El concejo de la ciudad, a pesar del peligro que representa el alcalde, para la sociedad neivana, continúa dándole juego, ni exigirle rinda cuentas por el crédito de $60.000 millones que le autorizó.

Proliferan los carruseles de corruptos disfrazados o encubiertos: De jueces y abogados (el cartel de la toga y anticorrupción). De la contratación pública, diseminados por toda la nación. De la salud y los medicamentos.  De la tercerización laboral, etc. Los reglamentos jurídicos, para el procesamiento de delincuentes, entre ellos los de cuello blanco, están plagados de gabelas favorables al delincuente. 

¿Quién aprueba los reglamentos jurídicos y designa sus intérpretes y ejecutores?
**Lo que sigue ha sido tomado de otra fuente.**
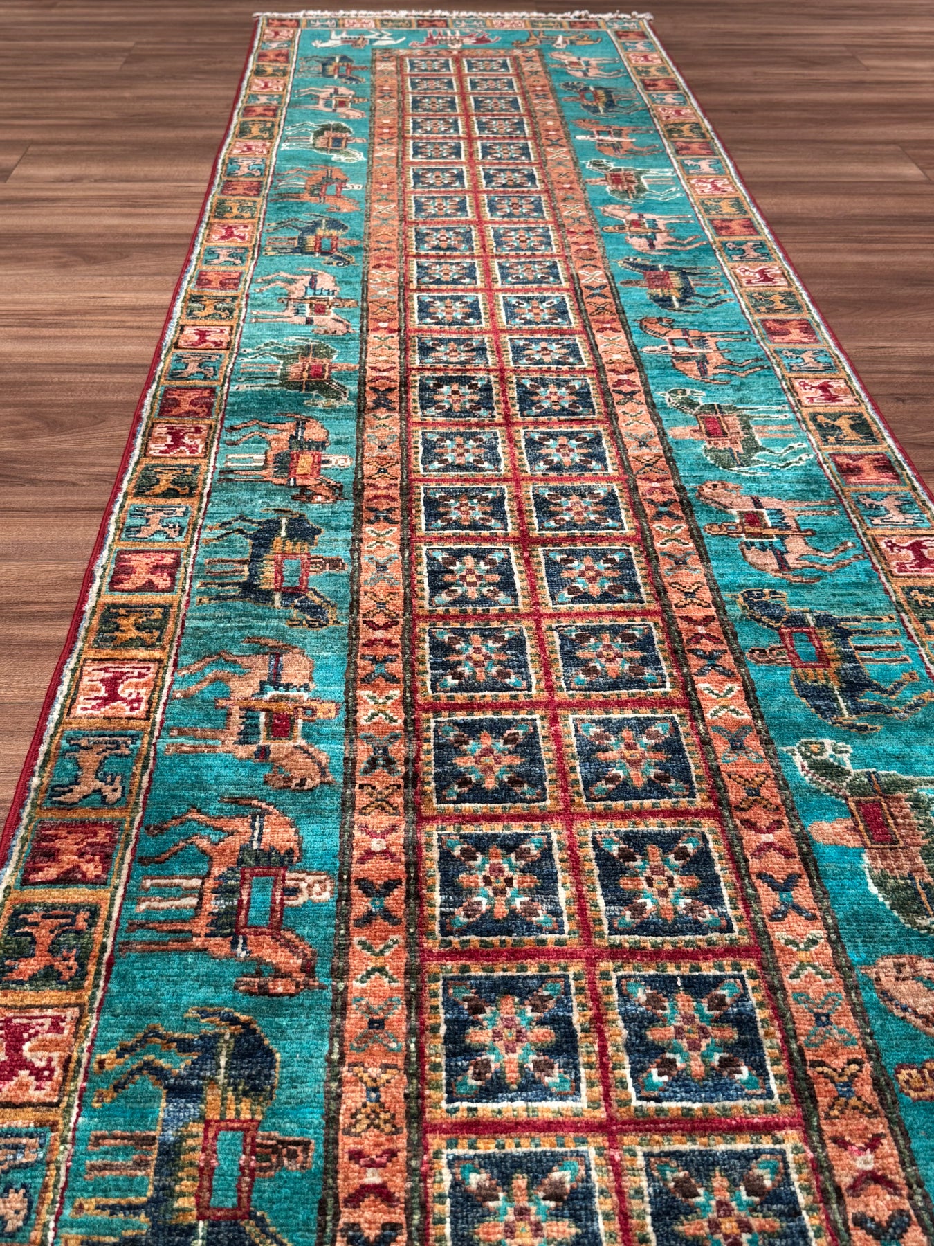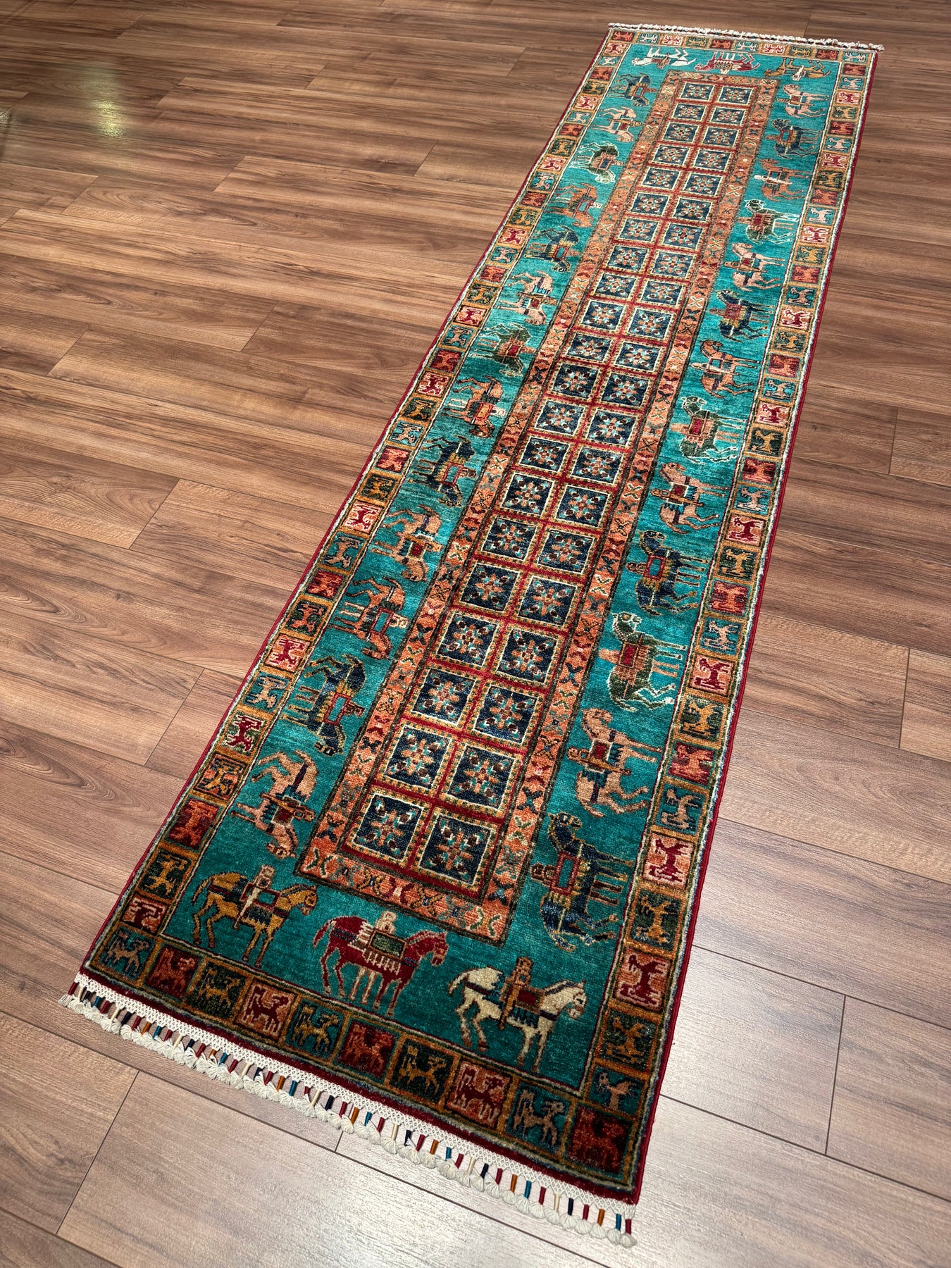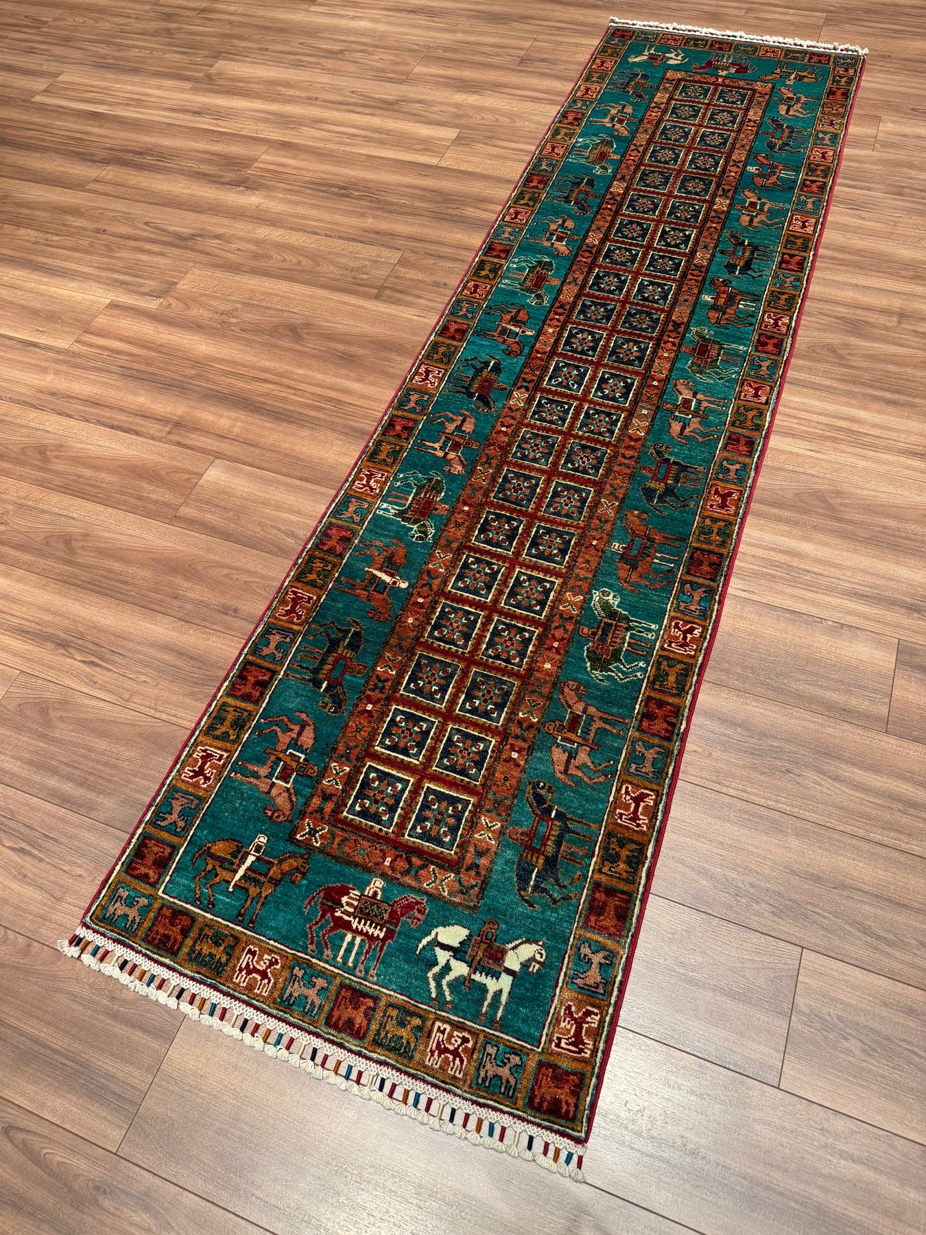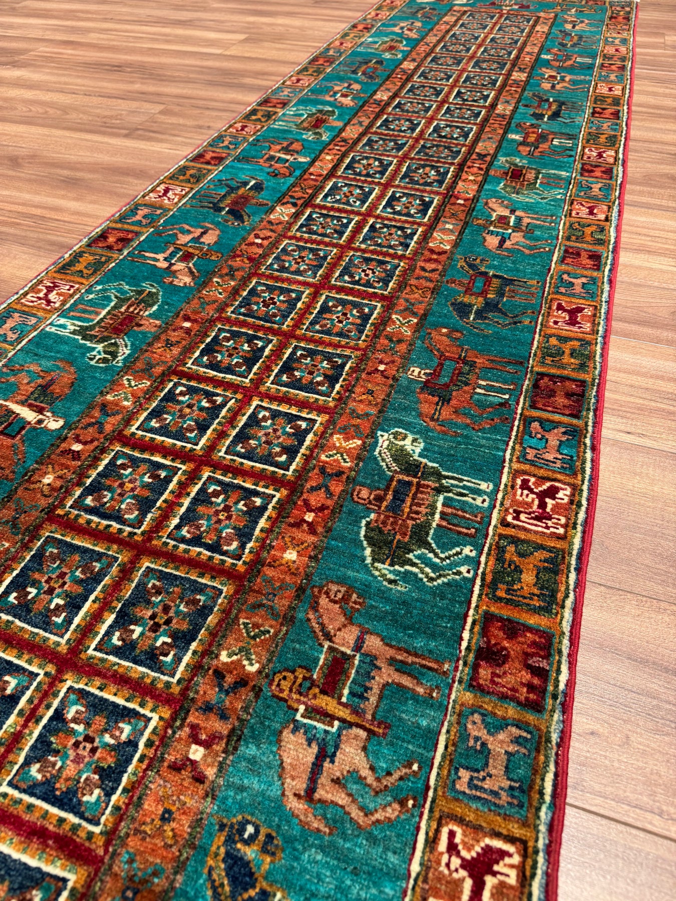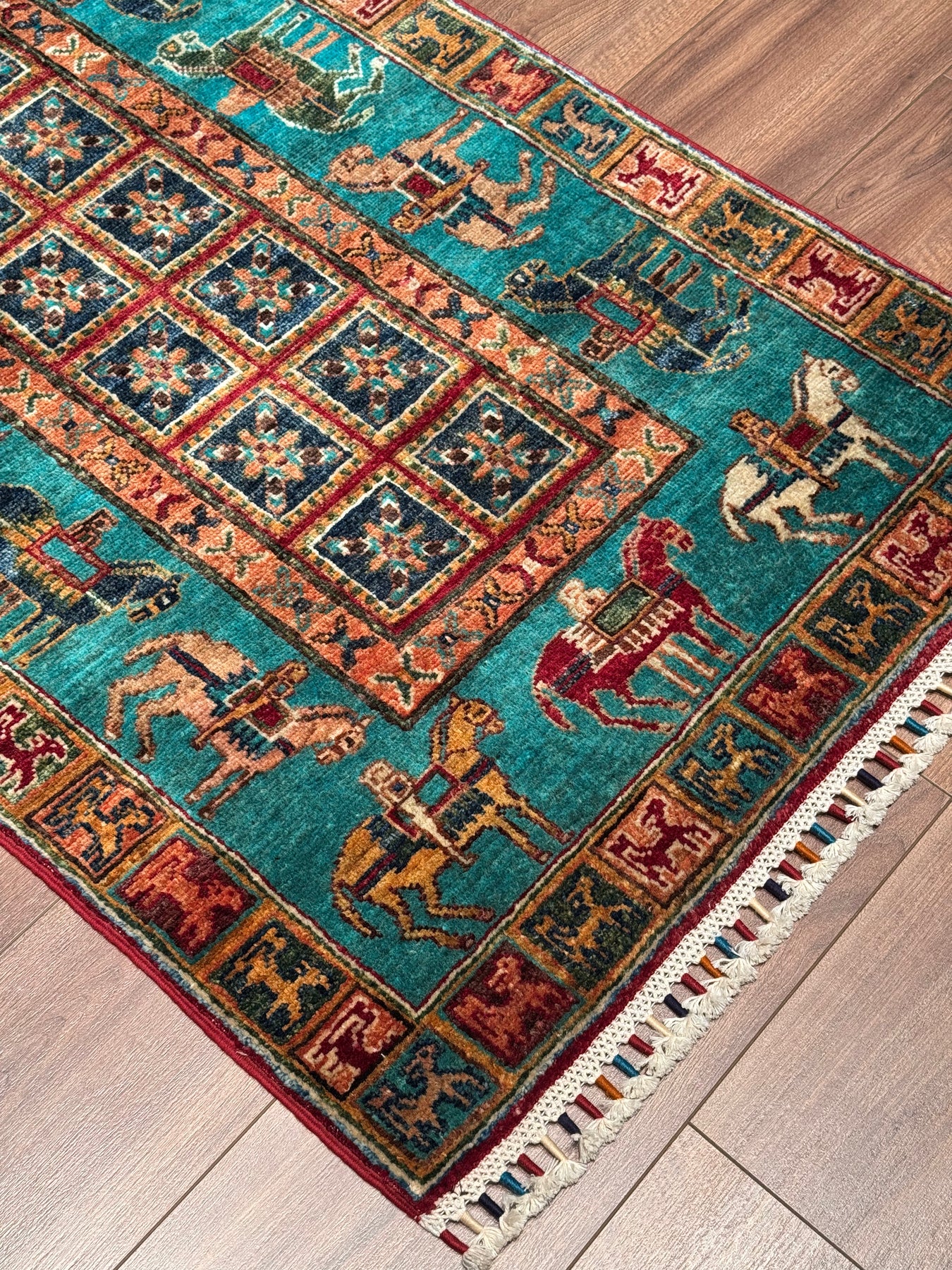 اكتُشفت هذه السجادة عام ١٩٤٩ في مقابر قبائل الهون الأثرية، المعروفة باسم بازيريك كورغانز، في جبال ألتاي بآسيا الوسطى، وهي أقدم سجادة تركية معقودة معروفة. نسجت سجادة بازيريك باستخدام زخارف بشرية وحيوانية وزهرية تحمل آثار الثقافة التركية. تحتوي المربعات التي تُشكل النقوش المركزية للسجادة على زخارف نباتية رباعية الفصوص، بينما يُزين أحد حوافها العريضة صفوفًا من أتراك الهون يمتطون الخيول. وأخيرًا، يُزين الحافة الضيقة أشكال غريفين.

La politiquería, el clientelismo, la mediocridad y la corrupción.

Para desmontar el conflicto, la corrupción, la impunidad, la injusticia social, la inequidad socioeconómica, alcanzar aceptables niveles desarrollo integral nacional y construir paz, hay que superar las causas que generan la desbocada corrupción e inmoralidad institucional y social. Se deben superar las causas del atraso en desarrollo industrial, tecnológico y científico, para generar empleo, superar el subempleo y la informalidad, la inseguridad ciudadana con su máxima expresión de fatalidad: la pobreza general.

Ante ese tipo de laberintos administrativos, institucionales y la perversidad de los enemigos del desarrollo integral, con equidad socioeconómica, ya está enfrentado el nuevo gobierno.

La incertidumbre es cósmica. Con apoyo decidido del pueblo, es posible revertir obstáculos. No todo está perdido.